English Wikipedia can be expressed as

n and m are the total number of Chinese and English pages respectively;

1.2) Chinese wiki page title translation: according to the Chinese page title information extracted in the step 1.1), all Chinese titles are translated into English by using Baidu translation api, and the translated result is expressed by a.translate;

1.3) page information word segmentation: according to the page information extracted in the step 1.1), for a Chinese page, segmenting words of an abstract, a catalogue and a full text by using a hand word segmentation tool; removing stop words by using a Stanford word segmentation tool aiming at an English page, and segmenting an abstract, a catalogue and a full text by taking a word as a unit;

1.4) extracting existing cross-language links: part of cross-language links originally exist in Wikipedia, and common page cross-language links and classified page cross-language links can be respectively extracted by distinguishing namespace domains in wikidump; if a is_i∈ε_cn,b_j∈ε_enAnd a is a_iAnd b_jFor cross-language linking, then a_i＝b_jAll existing cross-language links constitute the set:

Eq＝{{a_i,b_j}|a_i∈ε_cn,b_j∈ε_en,a_i＝b_j}。

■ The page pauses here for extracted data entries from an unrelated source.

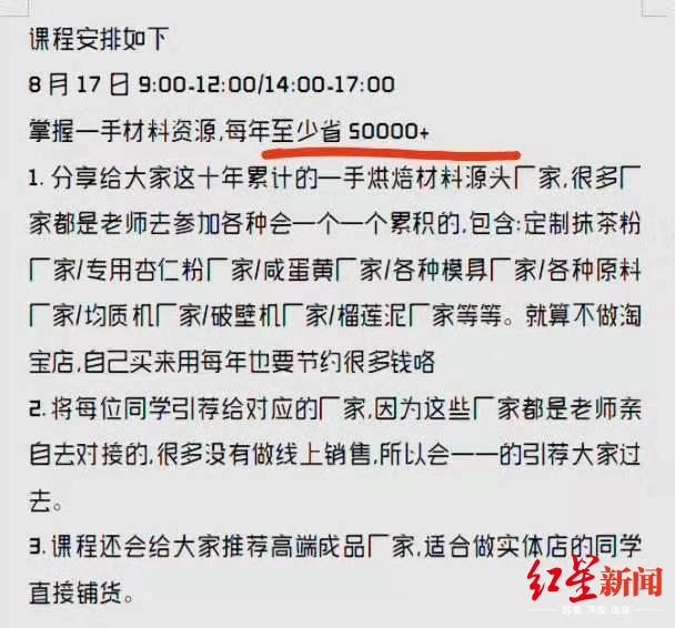 她告诉红星新闻记者,她动心的点在于,宣传中“花10万也学不到的课程”“老师十年的经验积累和真正一手源头厂家资源”“每年至少省50000+”“月入3万”等字眼。
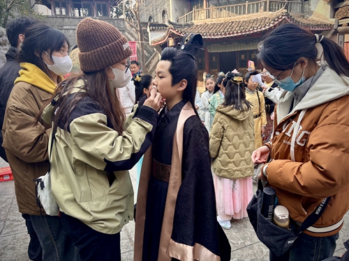 1月10日至24日,艺术学院人物形象设计专业师生赴上海胜强影视基地,参与了由中央新影中学生频道重点关注的重大少儿影视项目——传承中华优秀传统文化优秀题材少儿电视剧《戏说华夏》拍摄的妆发造型任务。
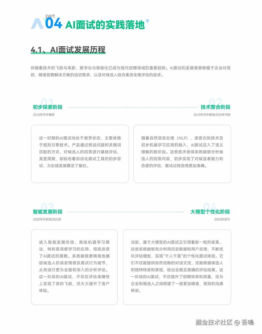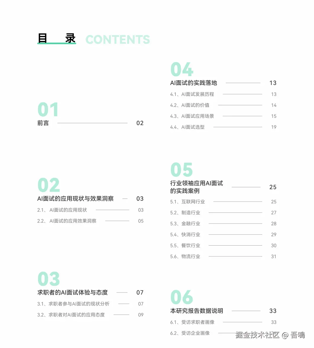 今天吾鳴要给大家分享一份由牛客网出品的关于AI大模型如何在面试中应用的实战手册,这份报告主要从AI面试的应用现状与效果洞察、求职者的AI面试体验与态度、AI面试实践落地以及大厂实践落地案例等方向进行展开介绍AI大模型如何赋能企业面试。报告一共39页,干货满满,文末附上完整版下载地址。
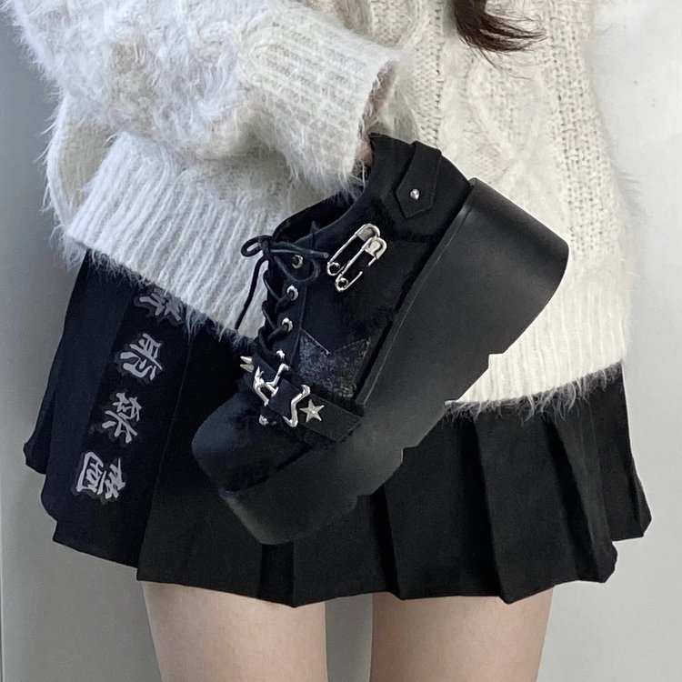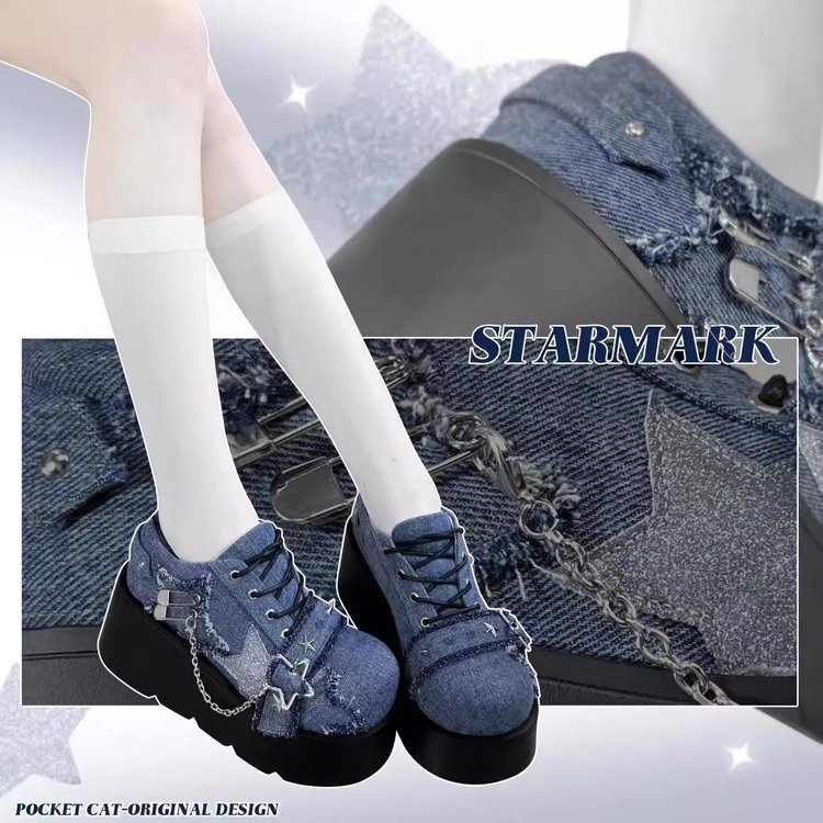 Lifeng 하위 문화 Y2K 고딕 데님 JK 신발 봄과 가을 둥근 발가락 여성 플랫폼 신발
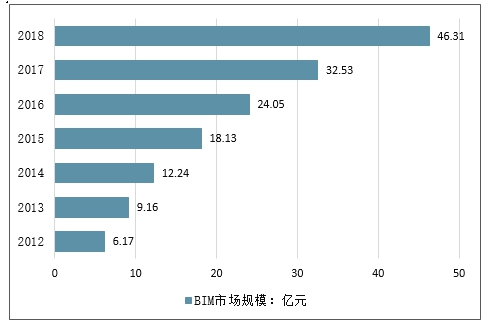 2012-2018年我国BIM市场规模走势
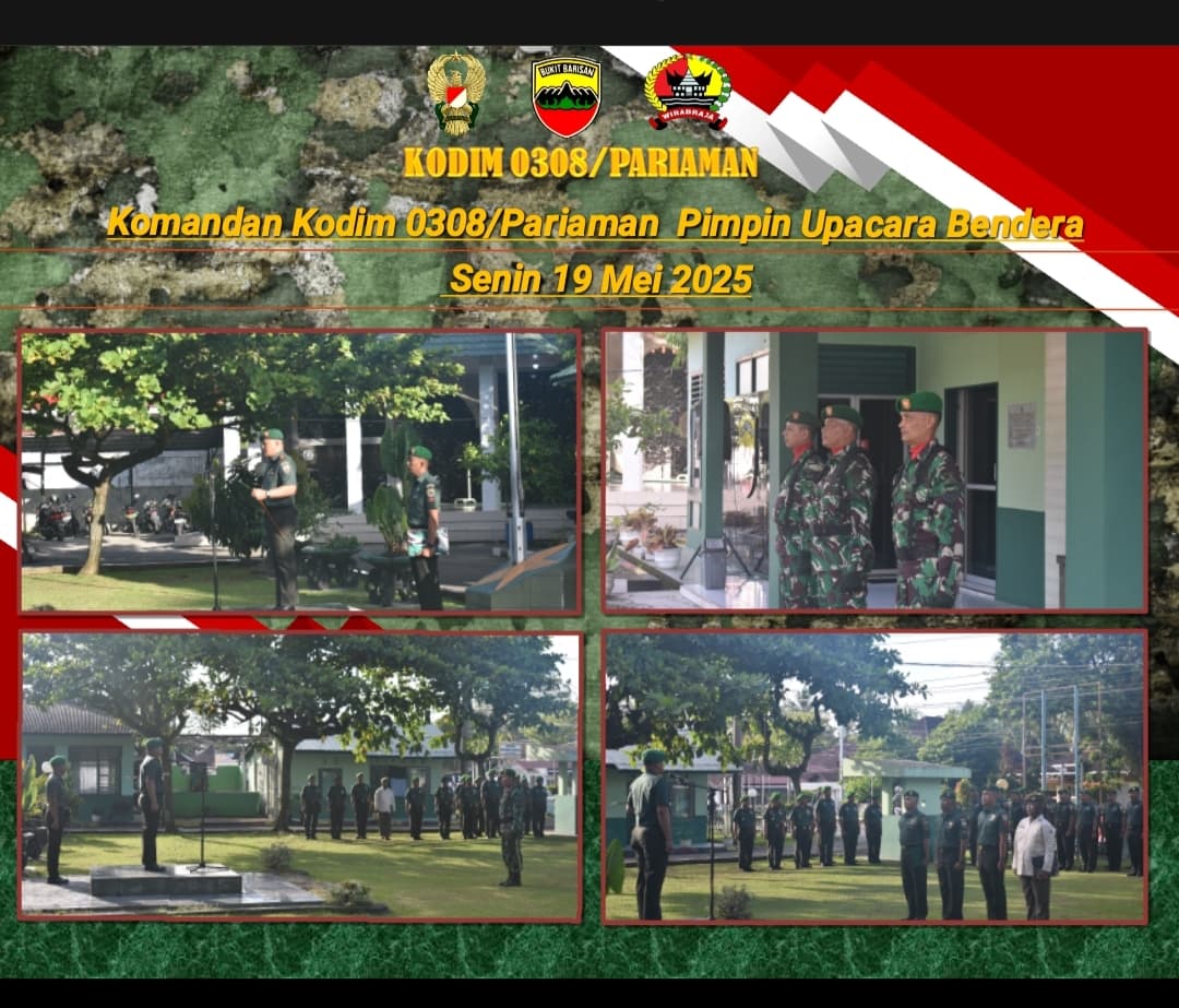PARIAMAN,kejarberitanews.com-Komandan Kodim 0308/Pariaman Letkol Czi Nur Rahmat Khaeroni, menjadi Irup pada Upacara Bendera Tanggal 19 Mei 2025 Bertindak Selaku komandan Upacara Kapten Czi Delri Putra di Lapangan upacara Makodim 0308/Pariaman, Jln. Soekarno Hatta, Desa Toboh Palabah, Pariaman Selatan, Kota Pariaman, Sumatera Barat, Senin (19/05/2025).
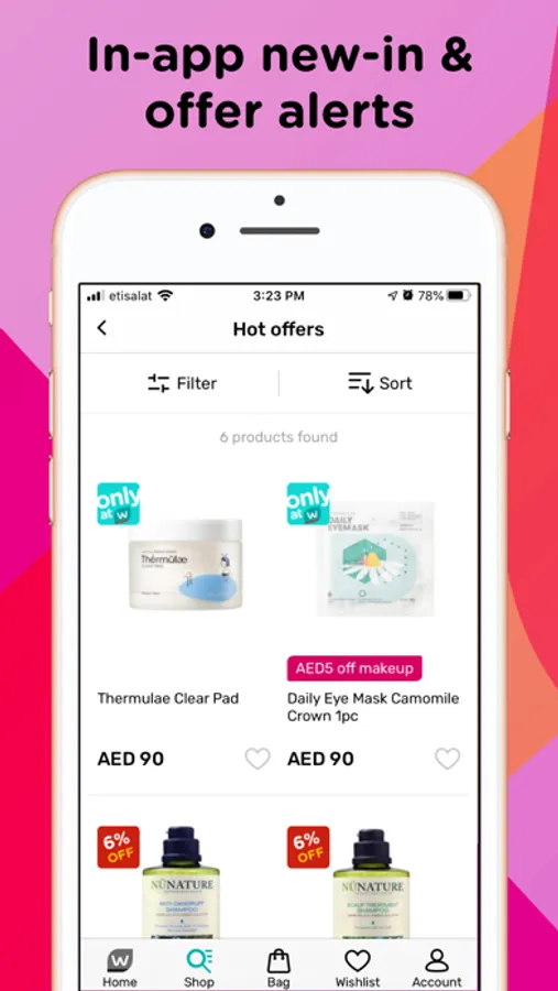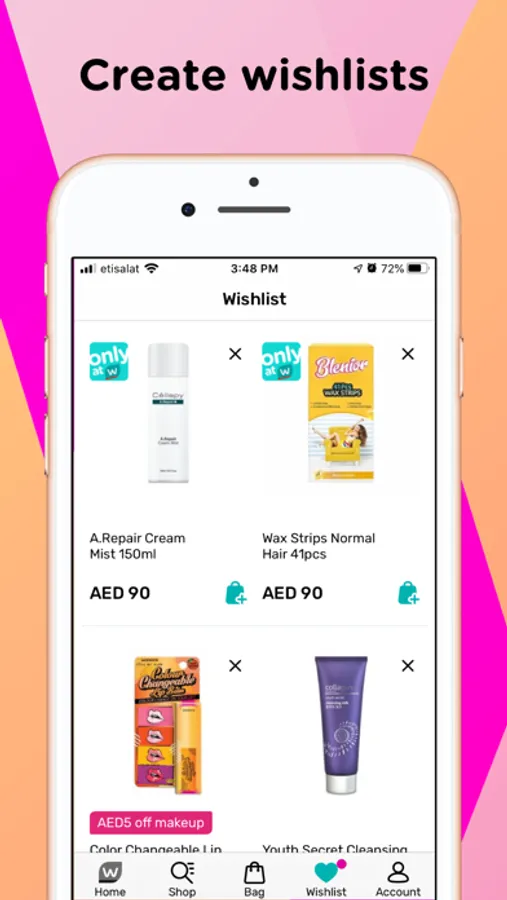 • Save all the products you love in your wishlist by simply tapping on the heart icon

3. the wikipedia-based Chinese and English cross-language entity matching method according to claim 2, wherein the step 2) comprises:

2.1) define the out-of-link equivalence relation:

defining the following structure as chain-link, wherein a, a_i∈ε_cn；b,b_i∈ε_enThat is, pages a and b have identical out-links, such a andb there is an out-of-link equivalence relationship between

2.2) extracting an English cross-language page candidate set of the Chinese page: according to the definition of 2.1), all English pages b which have the link-out equivalent relation with Chinese pages a form candidate (a); if the number of identical out-links existing between a and b is larger, the probability of becoming a cross-language link between them is also larger; sorting the English pages in candidate (a) in a descending order according to the number of the links which are linked out in the same way, then taking the top 1000 sorted English pages as an English cross-language page candidate set of the Chinese page a, and recording the English cross-language page candidate set as candidate1000(a) to obtain a final English cross-language page candidate set.

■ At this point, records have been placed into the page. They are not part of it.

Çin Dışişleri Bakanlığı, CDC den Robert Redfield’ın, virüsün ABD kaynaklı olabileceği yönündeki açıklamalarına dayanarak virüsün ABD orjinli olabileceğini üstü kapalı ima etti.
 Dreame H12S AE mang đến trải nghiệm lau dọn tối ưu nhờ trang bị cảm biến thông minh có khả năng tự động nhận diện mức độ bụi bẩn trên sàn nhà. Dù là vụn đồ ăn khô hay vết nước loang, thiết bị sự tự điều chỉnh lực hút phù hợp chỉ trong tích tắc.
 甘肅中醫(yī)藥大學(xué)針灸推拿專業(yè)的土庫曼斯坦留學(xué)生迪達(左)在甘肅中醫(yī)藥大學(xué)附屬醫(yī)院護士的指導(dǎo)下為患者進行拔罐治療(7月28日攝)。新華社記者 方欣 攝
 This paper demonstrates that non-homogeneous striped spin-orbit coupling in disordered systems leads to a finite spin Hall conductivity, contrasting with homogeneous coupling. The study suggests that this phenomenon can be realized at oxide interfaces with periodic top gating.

4. The wikipedia-based Chinese and English cross-language entity matching method as claimed in claim 1, wherein the step 4) specifically comprises the following steps:

after the feature extraction is finished, 10 features are obtained in total, and the 10 features are spliced to obtain a long vector; the long vector is used as the input of a learning sorting algorithm, a sorting model is trained, and the sorting model is used for sorting the candidate Candidate1000(a) corresponding to the Chinese page a, so that the most similar English page b belongs to the candidate Candidate1000(a) and serves as a cross-language link of a.